Hill House ist ein typisches Geisterhaus.
Mit düsteren Zimmern, prunkvollen Kronleuchtern und schweren Säulen: Gotisch-viktorianisch. Hier knarzen die Fußböden, quietschen die Türen - und wenn es Nacht wird, liegen plötzlich alle wach.
Vater: "Nelly had a nightmare and Shelly is sleeptalking again."
Es spukt. Ein Fluch liegt auf dem Haus. Und ein Geist kommt nicht zur Ruhe: Die "bend-neck Lady".
Vater: "I know the bend-neck lady is really scary. But that’s all she is, a spill. Now go back to sleep!"
Die Serie "The Haunting Of Hill House" nimmt diese klassische Spukgeschichte, die auf dem gleichnamigen Roman der amerikanischen Gothic-Horror-Autorin Shirley Jackson von 1959 basiert, und sie denkt sie weiter, sie macht daraus: viel mehr! Nämlich ein starkes Familiendrama zwischen Vergangenheit und Gegenwart.
Vater: "You keep your eyes closed, no matter what. You' keep them close!"
Aus Sicht der fünf Kinder, die mittlerweile erwachsen sind, wird nach und nach das Schicksal der traumatisierten Familie aufgedeckt, die unter dem Tod der Mutter - damals im Hill House - leidet.

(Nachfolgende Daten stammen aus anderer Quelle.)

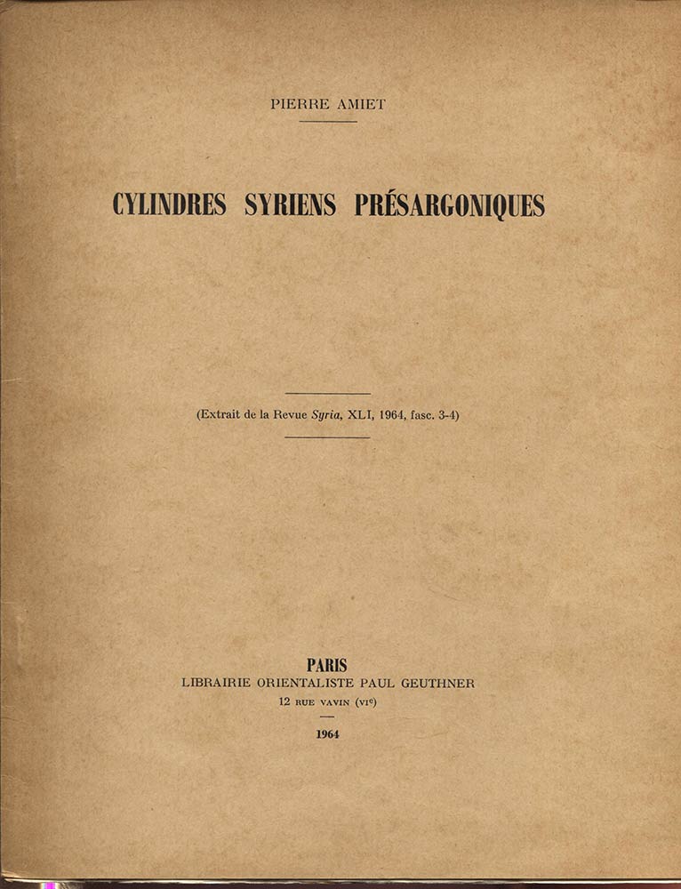 AMIET P. - Cylindres syriens presargoniques. Paris, 1964. Pp.189 – 193, tavv. 1 + ill. nel testo. ril. ed buono stato.
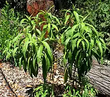 This subshrub grows 15 to 50 centimeters tall and bears white flowers. It grows on the lava and ash substrates of the volcanoes of the island of Hawaii. It grows in dry and moist forests on cliffs and slopes on Oahu and Molokai.[1] Most known populations occur at the Pohakuloa Training Area on Hawaii, for a total of just over 10,000 individuals. There are four populations on Oahu. There are fewer than 1000 individuals on Molokai.[3]
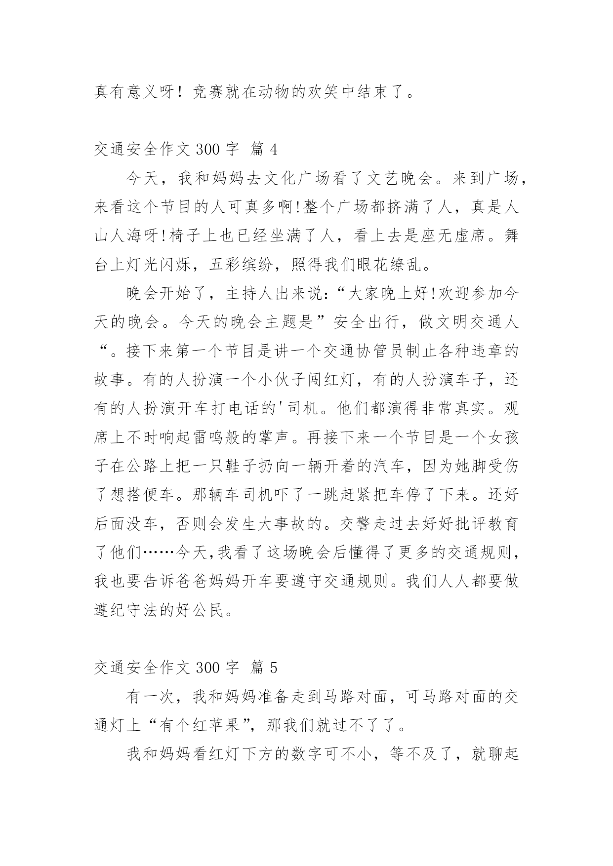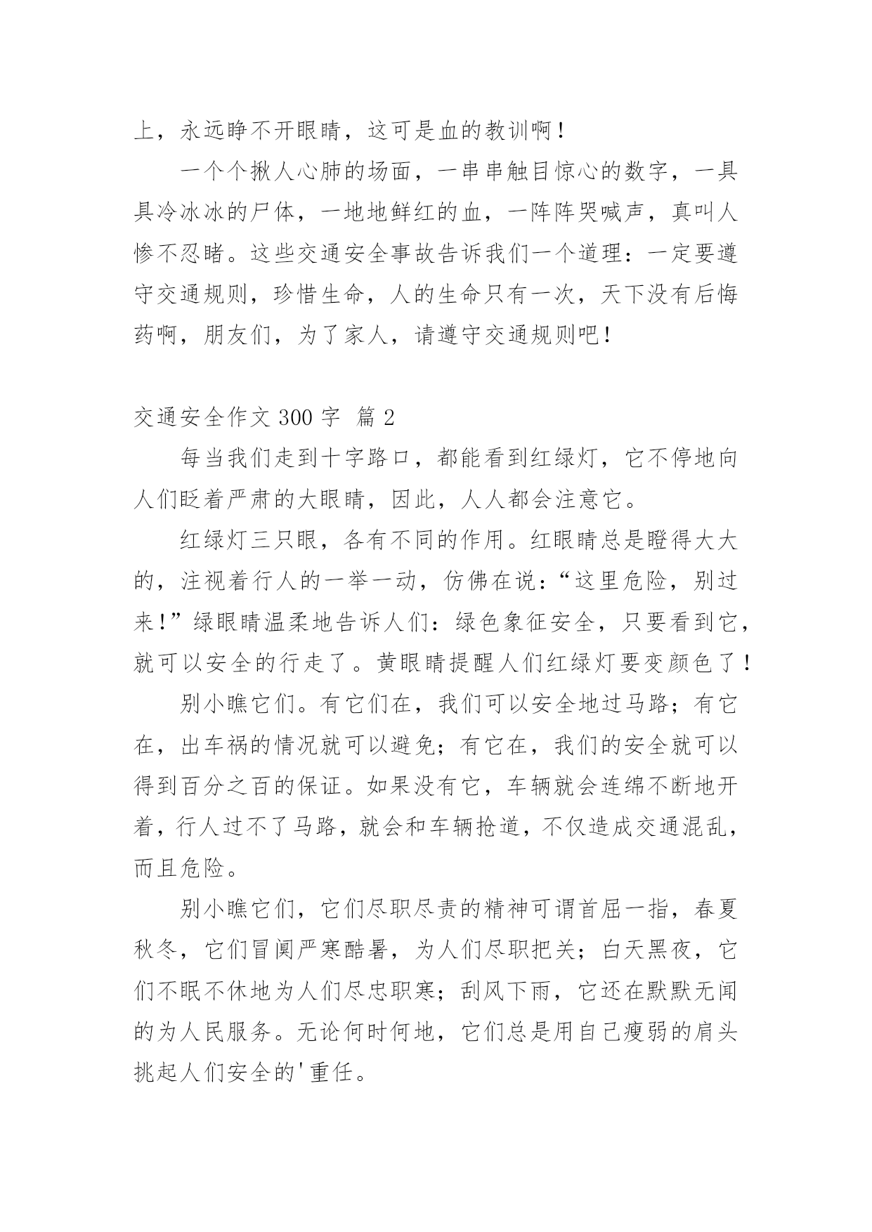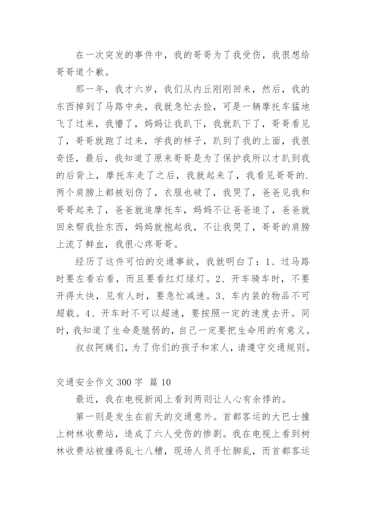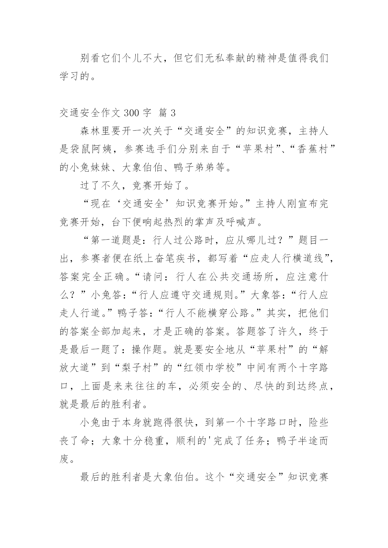 交通安全作文300字交通安全作文300字精选[10篇]在平凡的学习、工作、生活中,大家都写过作文,肯定对各类作文都很熟悉吧,作文一定要做到主题集中,围绕同一主题作深入阐述,切忌东拉西扯,主题涣散甚至无主题。你所见过的作文是什么样的呢?以下是小编为大家收集的交通安全作文300字10篇,欢迎阅读与收藏。交通安全作文300字篇1“红灯停,绿灯行,黄灯慢慢走。”这句话是我们要遵守的交通规则。上帝是公平的,也是自私的,他只赐予每个人一次生命,所以我们必须珍惜自己所拥有的一切。不要因为自己小小的举支,而付出自己的'一生。有一天晚上,我正在窗前写作业,感到十分疲惫,便趴在窗前休息。忽然,一个年轻人自以为车技好,竟坐在自行车上不扶车把手,漫不经心地骑着车。但“天有不测风云,人有旦夕之福”。就在年轻人得意之时,正面冲来一辆飞一般的面包车,由于年轻人来不及拐弯,只听“嘭”地一声,年轻人被弹了出去,头撞在水泥地上,血溅了一地,不省不事。后来被急救车车去医院了。还有一次,我去食杂店买盐。一个看上去17、18的大哥哥,准备过马路。他横冲直接,手里还拿着个手机。“嘭”!大哥哥与一辆黑色的小汽车撞了个正着,倒在了地上,永远睁不开眼睛,这可是血的教训啊!一个个揪人心肺的场面,一串串触目惊心的数字,一具具冷冰冰的尸体,一地地鲜红的血,一阵阵哭喊声,真叫人惨不忍睹。这些交通安全事故告诉我们一个道理:一定要遵守交通规则,珍惜生命,人的生命只有一次,天下没有后悔药啊,朋友们,为了家人,请遵守交通规则吧!交通安全作文300字篇2每当我们走到十字路口,都能看到红绿灯,它不停地向人们眨着严肃的大眼睛,因此,人人都会注意它。红绿灯三只眼,各有不同的作用。红眼睛总是瞪得大大的,注视着行人的一举一动,仿佛在说:“这里危险,别过来!”绿眼睛温柔地告诉人们:绿色象征安全,只要看到它,就可以安全的行走了。黄眼睛提醒人们红绿灯要变颜色了!别小瞧它们。有它们在,我们可以安全地过马路;有它在,出车祸的情况就可以避免;有它在,我们的安全就可以得到百分之百的保证。如果没有它,车辆就会连绵不断地开着,行人过不了马路,就会和车辆抢道,不仅造成交通混乱,而且危险。别小瞧它们,它们尽职尽责的精神可谓首屈一指,春夏秋冬,它们冒阒严寒酷暑,为人们尽职把关;白天黑夜,它们不眠不休地为人们尽忠职寒;刮风下雨,它还在默默无闻的为人民服务。无论何时何地,它们总是用自己瘦弱的肩头挑起人们安全的'重任。别看它们个儿不大,但它们无私奉献的精神是值得我们学习的。交通安全作文300字篇3森林里要开一次关于“交通安全”的知识竞赛,主持人是袋鼠阿姨,参赛选手们分别来自于“苹果村”、“香蕉村”的小兔妹妹、大象伯伯、鸭子弟弟等。过了不久,竞赛开始了。“现在‘交通安全’知识竞赛开始。”主持人刚宣布完竞赛开始,台下便响起热烈的掌声及呼喊声。“第一道题是:行人过公路时,应从哪儿过?”题目一出,参赛者便在纸上奋笔疾书,都写着“应走人行横道线”,答案完全正确。“请问:行人在公共交通场所,应注意什么?”小兔答:“行人应遵守交通规则。”大象答:“行人应走人行道。”鸭子答:“行人不能横穿公路。”其实,把他们的答案全部加起来,才是正确的答案。答题答了许久,终于是最后一题了:操作题。就是要安全地从“苹果村”的“解放大道”到“梨子村”的“红领巾学校”中间有两个十字路口,上面是来来往往的车,必须安全的、尽快的到达终点,就是最后的胜利者。小兔由于本身就跑得很快,到第一个十字路口时,险些丧了命;大象十分稳重,顺利的'完成了任务;鸭子半途而废。最后的胜利者是大象伯伯。这个“交通安全”知识竞赛真有意义呀!竞赛就在动物的欢笑中结束了。交通安全作文300字篇4今天,我和妈妈去文化广场看了文艺晚会。来到广场,来看这个节目的人可真多啊!整个广场都挤满了人,真是人山人海呀!椅子上也已经坐满了人,看上去是座无虚席。舞台上灯光闪烁,五彩缤纷,照得我们眼花缭乱。晚会开始了,主持人出来说:“大家晚上好!欢迎参加今天的晚会。今天的晚会主题是”安全出行,做文明交通人“。接下来第一个节目是讲一个交通协管员制止各种违章的故事。有的人扮演一个小伙子闯红灯,有的人扮演车子,还有的人扮演开车打电话的'司机。他们都演得非常真实。观席上不时响起雷鸣般的掌声。再接下来一个节目是一个女孩子在公路上把一只鞋子扔向一辆开着的汽车,因为她脚受伤了想搭便车。那辆车司机吓了一跳赶紧把车停了下来。还好后面没车,否则会发生大事故的。交警走过去好好批评教育了他们……今天,我看了这场晚会后懂得了更多的交通规则,我也要告诉爸爸妈妈开车要遵守交通规则。我们人人都要做遵纪守法的好公民。交通安全作文300字篇5有一次,我和妈妈准备走到马路对面,可马路对面的交通灯上“有个红苹果”,那我们就过不了了。我和妈妈看红灯下方的数字可

Sohn: "What about Mum? Dad!? What about Mum?"
Jedes Kind hat seine eigene Geschichte, seinen eigenen Weg damit umzugehen. Da ist z.B. der erfolgreiche Schriftsteller Stevie, der den erlebten Horror aufgeschrieben und vermarktet hat, als Buch (Titel: "The Haunting Of Hill House"), sich dafür mit seinen Geschwistern aber nicht mehr richtig versteht.
Stevie: "I can tell you one thing about Hill House that isn’t in the book. All those years there was one thing I never found: a reason."
Oder die unangepasste Theodora, die als Psychologin Kinder mit Wahnvorstellungen behandelt: "When I was little I was afraid of a lot of things. I didn’t have to be though. They were all in my head. I just didn’t know that yet."
Oder Shirley, die als Leichenpräparatorin arbeitet: "I am ellbow-deep in our sisters jest, pulling out her organs. That’s what happens when a body is autopsied and I have to take it out." Und plötzlich die eigene Schwester auf dem Seziertisch liegen hat. Der Schrecken wiederholt sich!
Subtile Effekte
Die Serie erzählt all das größtenteils mit subtilen Horrorelementen, ist mehr "Shining" als "SAW": Laute Schockeffekte, schnelle Schnitte oder brutale Gewaltszenen sind selten, stattdessen beherrschen langsame Kamerafahrten, ein stetig bedrohliches Hintergrundwummern und der Horror des Alltags die gezeigte Welt. Und hin und wieder bricht das Grauen dann urplötzlich herein.
Ob das, was wir da sehen real, übersinnlich oder eingebildet ist, bleibt offen. Die Perspektive variiert. Klar ist aber, dass das Gezeigte immer auch ein Spiegelbild der neurotischen Psyche der Figuren und ihrer zerrütteten Familienverhältnisse ist.
Shirley: "Why the hell would she go to that house? My kids will ask me how she died."
Theodora: "And you tell them!"
Shirley: "Tell them what? That she killed herself?"
Die Angst, der Horror, ist in jedem von uns, scheint die Serie zu sagen. Themen wie das Übernatürliche oder der Tod werden stellenweise auf fast philosophische Weise besprochen:
Shirley: "I know you are curious - and sad. I am sad, too. So sad I can't even tell you."
Interessante Protagonisten
Anders als viele Horrorfilme, interessiert sich die Serie wirklich für ihre Figuren und deren Innenleben - und ist nicht einfach nur auf billige Schocker aus. Insofern ist sie näher am Originalfilm "The Haunting" von 1963, der auf der gleichen Geschichte basiert, als an dessen enttäuschendem Remake von 1999 dran.
Bislang haben sich nur wenige Serie an das Genre Horror herangewagt. Aus gutem Grund, denn auf mehrere Episoden, gar Staffeln, kann das Gruseln schnell langweilig und voraussehbar werden. Nicht so bei "The Haunting Of Hill House", wobei man es genau genommen wohl auch eher mit einem Genremix aus Horror - der Vergangenheit - und Psychodrama - der Gegenwart - zu tun hat. Genau so funktioniert das Ganze eben. Und liefert gut zwei Wochen vor Halloween einen guten Grund, wieso man nachts mal wieder länger wach liegen könnte.